I had a client once, let’s call her Jane. She was in her later 30s. Her husband Jack had died. She came and saw me 7 years after Jack’s death. She had moved on and made a new life for herself. She had remarried to Steve. Her three children and Steve’s four children had formed a semi-Brady Bunch situation. All 9 of them were living happily in Jane and Jack’s 3 bedroom home. All was well. The kids were growing up though and they needed their own bedrooms. So Jane and Steve trotted off to the bank to refinance the mortgage on the home to pay for the extensions. And that is when things fell apart. You see Jack never had a Will.
Jane and Jack had never thought they needed a Will. At the end of the day it was only the two of them and their kids. They had always assumed that the other of them would legally be entitled to everything when they died. When Jane went to the bank to refinance the loan the bank looked at the Certificate of Title (which still had Jack on it) the Bank said that they wouldn’t lend anything more until Jane was the sole name on the Title. They told her this would be easy. She just needed to get the transfer to herself done. It was not going to be easy and this was a lesson Jane was going to learn the incredibly hard way.
When a person dies in WA without a Will their Estate is distributed according to the Administration Act. There is a detailed table in the Act that says exactly who gets what based on the make up of your family. The problem with the Administration Act is that it is not necessarily what people expect, and the repercussions can be long lasting.
Back to Jane and Jack. When Jack died the property he owned with Jane was owned jointly, but it was owned as tenants in common. That meant that Jack’s share of the property did not pass to Jane, but was subject to the Administration Act. At the time of Jack’s death he was married with three children. Pursuant to the Administration Act that meant that Jane was entitled to $50,000 and 1/3 of the balance. Their children were entitled to the other 2/3 of Jack’s share in the property. I explained to Jane that, in lieu of expensive Court action, this meant that 2/3 of Jack’s share of the property would belong to the children, held on trust and couldn’t be touched until they were 18 and able to decide whether or not to give their share to their mother. The children were aged between 9 and 14. 18 was a long way off.
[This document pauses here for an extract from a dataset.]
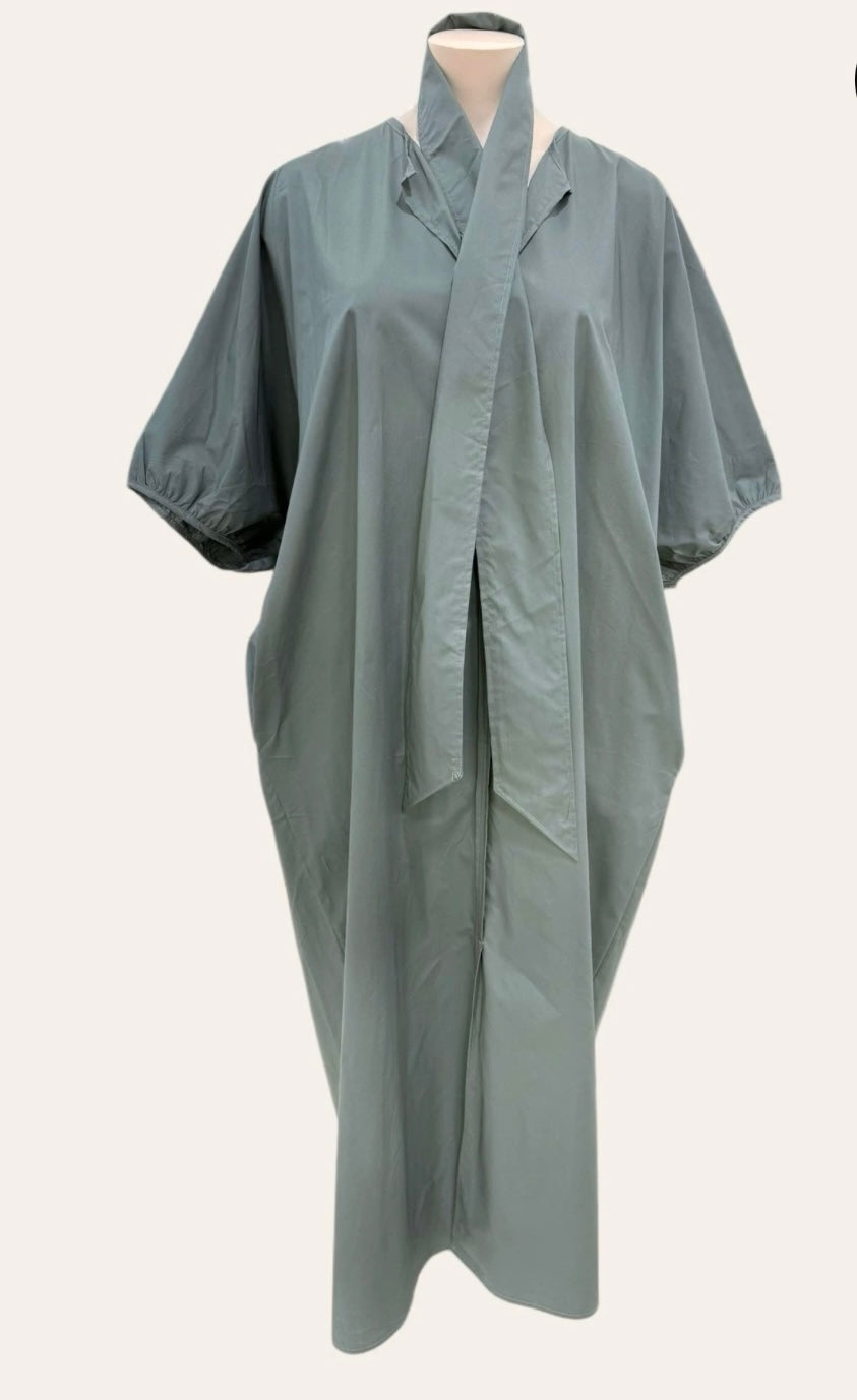 Väljä mekko, jossa on lyhyet hihat ja elegantti solmupääntie. Vyötärön laskokset tuovat ilmeeseen kevyttä muotoa ja tekevät tyylistä sekä rennon että chicin. Monikäyttöinen mekko, joka yhdistää mukavuuden ja tyylikkyyden – täydellinen valinta kaikkiin tilanteisiin.

So, after a lot of tears, that is roughly how the Title ended up, Jane with her original 1/2 and an extra 1/3 of a half, and a trust for the kids for the remaining 2/3 of a half. Unfortunately the bank wasn’t willing to lend on that basis and so they were stuck living in the little house. 7 teenagers, 3 bedrooms. Not an ideal situation for any parent, and certainly not the outcome Jack and Jane had ever imagined.
The saddening part about Jane’s story is this. With a simple Will it all could have been avoided. Had Jack made a Will giving his estate to his Wife, Jane could have changed the Title and Jane and Steve could have renovated the house to ensure their children had enough room to grow.
But Jane isn’t alone.
I had another client who I’ll call Sally. Her husband died leaving her and their 2 children, 18 year old twin daughters who I later coined “the evil twins”. Allow me to explain.
Sally’s husband didn’t have a Will, and the family home was in his sole name, always had been the 40 odd years they had owned it. You now know the split under the Administration Act. Sally approached her two daughters and asked whether they would transfer their share in their father’s estate to her. When she died, she would leave it to them. They said no. She asked if she could borrow the money off them. They said no. They wanted their share now.
Sally was forced to sell the house. With the $50,000 and 1/3 share she received she was unable to afford to buy a new home. Sally was unemployed, she had always been a housewife. Sally was, for the first time in her adult life, forced into renting and finding a job. Sally was 60.
These are two real client scenarios I am describing, this is not fiction, this is not urban legend. This is life and the law in WA. In my experience it is this situation, the mum and dad with kids, that seems to come up the most often and deliver the most unfortunate results, but it is not limited to this scenario.
So my advice? No matter what your family make up, whether you are single, blended or happily first time married, get a Will. It doesn’t have to be fancy or long winded. Ultimately the financial future of those you love may be in your hands. Take control.